Human-genome studies, both scientists believe, are also in keeping with that finding—and might explain why schizophrenia runs in families. The most replicated result from that line of investigation, they say, suggests that the genes most commonly associated with schizophrenia relate to the immune system and how it reacts to infectious agents. So in many cases where the disease appears to be hereditary, they theorize, what may in fact be passed down is an aberrant or deficient immune response to invaders like T. gondii...

For example, she and Chris Reiber, a biomedical anthropologist at Binghamton University, in New York, strongly suspected that the flu virus might boost our desire to socialize. Why? Because it spreads through close physical contact, often before symptoms emerge—meaning that it must find a new host quickly. To explore this hunch, Moore and Reiber tracked 36 subjects who received a flu vaccine... the flu shot had the effect of nearly doubling the number of people with whom the participants came in close contact during the brief window when the live virus was maximally contagious...

Reiber has her eye trained on other human pathogens that she thinks may well be playing similar games, if only science could prove it. For example, she says, many people at the end stages of AIDS and syphilis express an intense craving for sex. So, too, do individuals at the beginning of a herpes outbreak. These may just be anecdotal accounts, she concedes...
Out of fairness to cat owners (which includes our household), it's worth emphasizing that toxo can also be acquired through the touching of raw or undercooked meat, especially if you have broken skin on your hands, and via materno-fetal transmission during pregnancy.  Other animals that can carry toxo are rabbits, birds, sheep, goats, cattle, pigs and poultry; dogs have lower infection rates.

If you've read all this, you might as well read the whole story at The Atlantic.


  1. That is so creepy yet so fascinating at the same time. It's like the plot of some Michael Crichton novel.

    I remember hearing about the cat/mouse toxo reaction years ago (similar to a parasite that grazing mammals get - it somehow forces its intermediary host to climb blades of grass to ensure it gets eaten by another grazing animal) and being fascinated by it, but it was brand new research at the time so the story I read wasn't very extensive.

    Thanks for the link, Stan - nice to be able to follow up on this!

    1. "somehow forces its intermediary host to climb blades of grass"

      from the link:

      A drop in temperature normally causes ants to head underground, but the infected insect instead climbs to the top of a blade of grass and clamps down on it, becoming easy prey for a grazing sheep.

      That's probably the research you remember.

    2. Thx! Hadn't had the chance to read the Atlantic story yet.

  2. Radiolab had this in an episode. It completely makes sense, how many crazy cat ladies do you know? I know more than a handful that live within 3 miles of me...

  3. Toxoplasmosis has been an interesting talking point among epidemiologists and biologists for a long time. Google it and you'll come across loads of information. It's not like it's just discovered, BTW; it's why pregnant women have been advised for decades to not get near cat feces.

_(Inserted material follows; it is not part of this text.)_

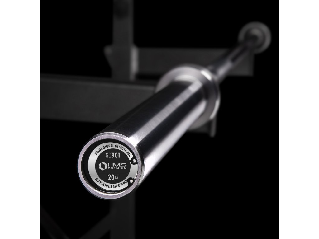 Olympijská osa HMS Premium GO901 je vyrobena ze speciální chromované oceli, která prošla procesem kalení. Osa GO901 se vyznačuje pevností v kombinaci s dokonalou pružností. Součástí soupravy jsou dva plastové uzávěry ZG1000. Pevné a pohodlné uchopení hřídele je zajištěno vroubkováním na povrchu. Maximální zatížení je 900 kg. Průměr úchopové části je 28 mm a zajišťuje vysokou odolnost a pohodlí během tréninku. Použitý proces chromování hřídele je zárukou zachování jejího vzhledu po dlouhou dobu jejího používání a také je nejlepší ochranou proti korozi. Olympijská hřídel HMS Premium GO901 má 8 jehličkových ložisek (4 na každé straně), které umožňují hladké a plynulé otáčení rukávů na hřídeli. Její konstrukce snižuje napětí na koncích válečků, což má za následek vyšší životnost ložisek. Navzdory svého malého průřezu mají jehličková ložiska vysokou tuhost a nosnost. Dva plastové uzávěry nacházející se v balení zaručují stabilní rozložení zátěže na hřídeli během tréninku. Uzávěry mají ve vnitřní části gumové elementy bránící tomu, aby se závaží povolilo.

    The Scientist just recently had an article with some popular examples of apparently adaptive behavior modification by parasites:



    1. "... researchers have observed countless examples of parasites hijacking the autonomy of their hosts ..."

      *cough* democracy *cough*

    2. You should really see a doctor about that cold, King George III.

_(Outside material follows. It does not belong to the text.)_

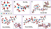 | Fig. 5. The optimized configurations of (A) thorium hexahydrate [Th(H2O)6]4+, (B) 1:1 ratio of Th(Ⅳ) with -NH2 ligand on amino group, (C) 1:1 ratio of Th(Ⅳ) with C=O ligand on amide group, (D) 1:2 ratio of Th(Ⅳ) with C=O ligands on the same CSCA chain, and (E) 1:4 ratio of Th(Ⅳ) with C=O ligands on two distinct CSCA chains. The deformation charge density (binding region between Th(Ⅳ) and synthetic adsorbent) was shown in blue dotted box. | |

  4. "It completely makes sense, how many crazy cat ladies do you know?"

    Interesting point.


    1. "Parasite makes men dumb, women sexy"

      Does that remind anyone else of the Republican Party?


  5. Correlation or causation?

    I submit to you that cat lovers tend to be more introverted people, and tend to be the ones exposed to cat poo. Did the toxo really make them introverted?

    Similarly with the flu shot stuff - perhaps people who know they are immune to the flu feel more courageous about socializing during flu season?